Dans le détail, difficile de comparer l’évolution des ventes des deux séries, l’industrie du jeu vidéo étant avare de chiffres, a fortiori quand il s’agit de documenter le déclin commercial de l’un d’entre eux. Les rapports annuels du SELL, le Syndicat des éditeurs de logiciels de loisirs, permettent toutefois grâce à leur top 20 de connaître les performances précises de FIFA en France, hors dématérialisé : il s’agit même du titre le plus vendu depuis trois ans. Mais par recoupement, il permet également de déduire les ventes maximales possibles de PES, à partir de celles de la vingtième place, en dessous de laquelle il se situe désormais chaque année.
Enorme différence de budget
En termes de popularité sur les réseaux sociaux, l’écart est tout aussi prononcé. A part sur Facebook, où une importante communauté issue des régions hispanique et arabophone continue de suivre PES, la simulation de Konami est fantomatique, comparée à celle d’Electronic Arts.

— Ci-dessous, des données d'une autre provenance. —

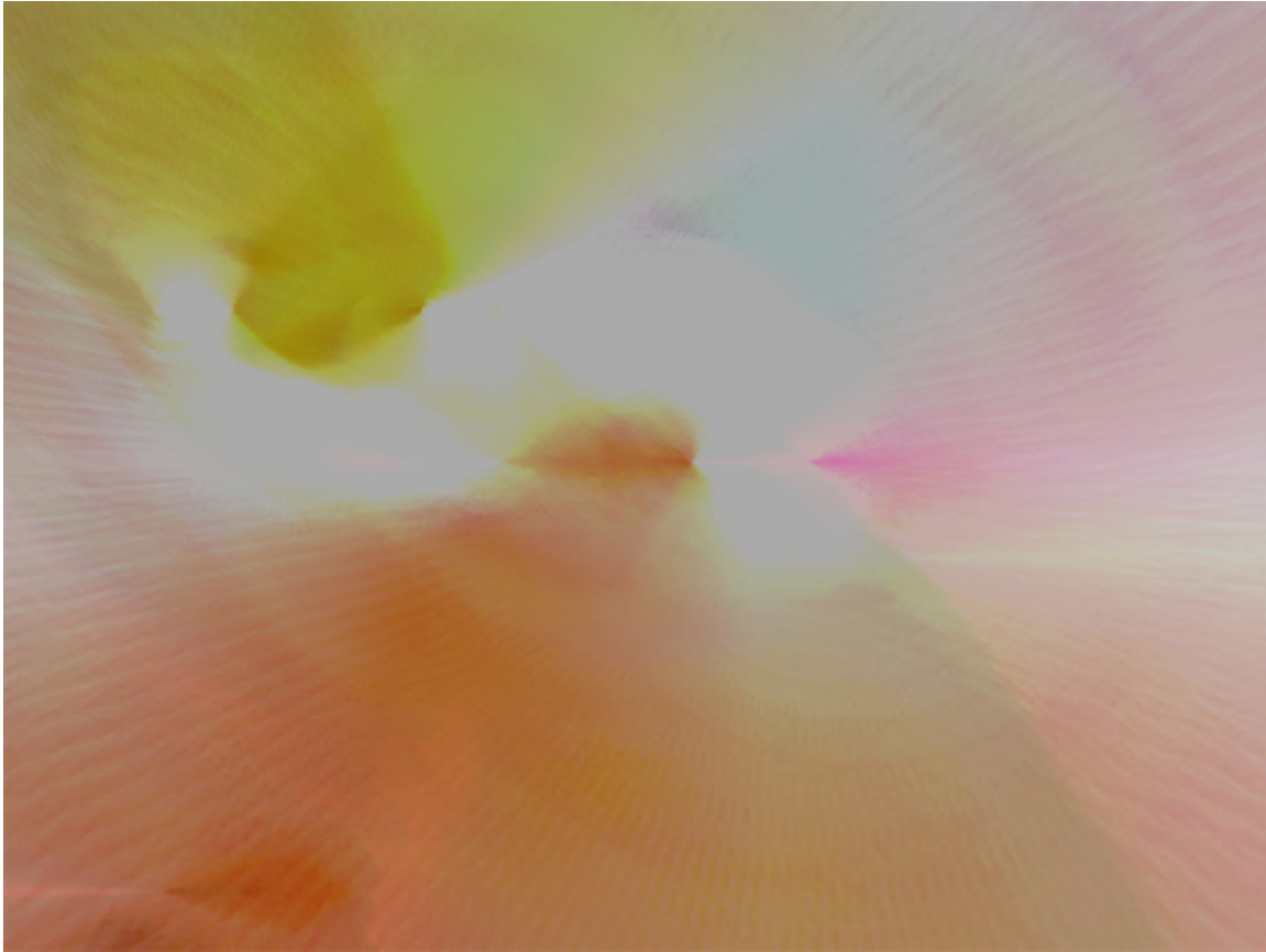
Fig 2. Covertor_19 (2003)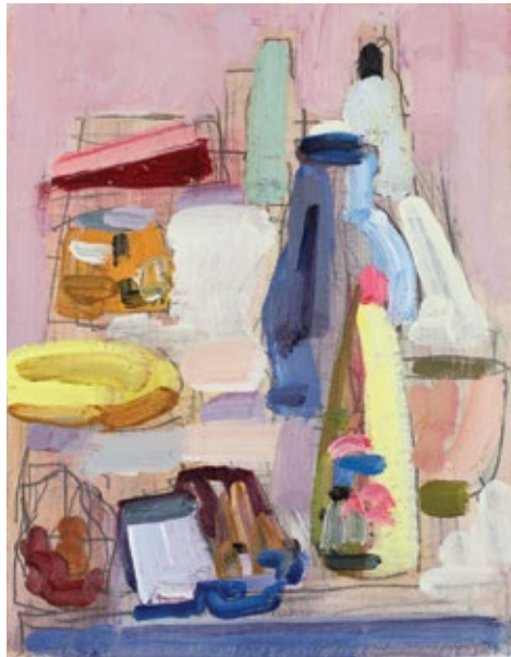
The yellow plate 2016 oil on linen on board 21x27cm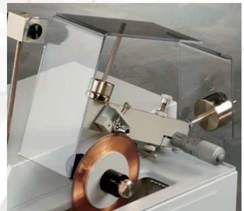
The optional Splash Guard Kit (11-1199) prevents coolant from spraying.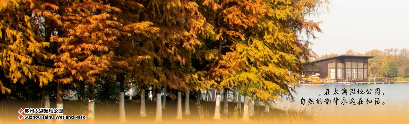
◆ 苏州太湖湿地公园 ◆ Suzhou Taihu Wetland Park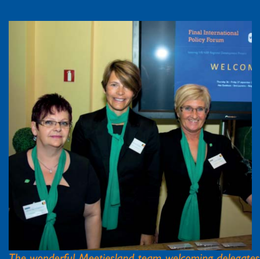
The wonderful Meetjesland team welcoming delegates

Newsletters 5 to 7 were finalised and published in time for the Forum and can be downloaded from our website, www.vitalruralarea.eu.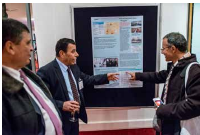
Discussing the country posters

All workshop broadcasts, including country interviews, available at: https://www.facebook.com/UnitedNationsWater/playlist/223059578233702

S’agit-il de la cause ou de la conséquence ? Il y a désormais un monde de différence entre FIFA et PES en termes de budget. Cela se reflète notamment dans les effectifs de production respectifs des deux séries. Jusqu’en 2008, année charnière dans leur bras de fer, FIFA 09 et Pro Evolution Soccer 2009 s’appuyaient sur des équipes comparables : 415 personnes avaient travaillé sur le premier, contre 393 sur le second.
Ce temps est révolu, et l’écart a désormais quintuplé. Selon les ressources du site Mobygames, site collaboratif sur les équipes de production des jeux vidéo, en 2016, les effectifs totaux de FIFA 17 étaient 5,5 plus grands que celle de PES 2017, salariés, sous-traitants et fans bénévoles compris. La différence de qualité entre les deux jeux ne saute pourtant pas aux yeux. Ces ressources en plus sont surtout allouées aux modes additionnels dont dispose FIFA, et notamment d’un très ambitieux mode scénarisé.
Certains estimeront que Konami paye son manque de moyens, face à un rival qui s’est montré beaucoup plus ambitieux et abouti techniquement depuis le passage à la haute définition. D’autres observeront que c’est au prix d’une cure de rationalisation de ses coûts que PES peut continuer à sortir chaque année.
A défaut de concurrencer FIFA en modes de jeu et en réalisme physique, il réussit encore à se démarquer par son jeu de passe dynamique, ses partenariats de prestige et ses innombrables licences et commentateurs, notamment sud-américains.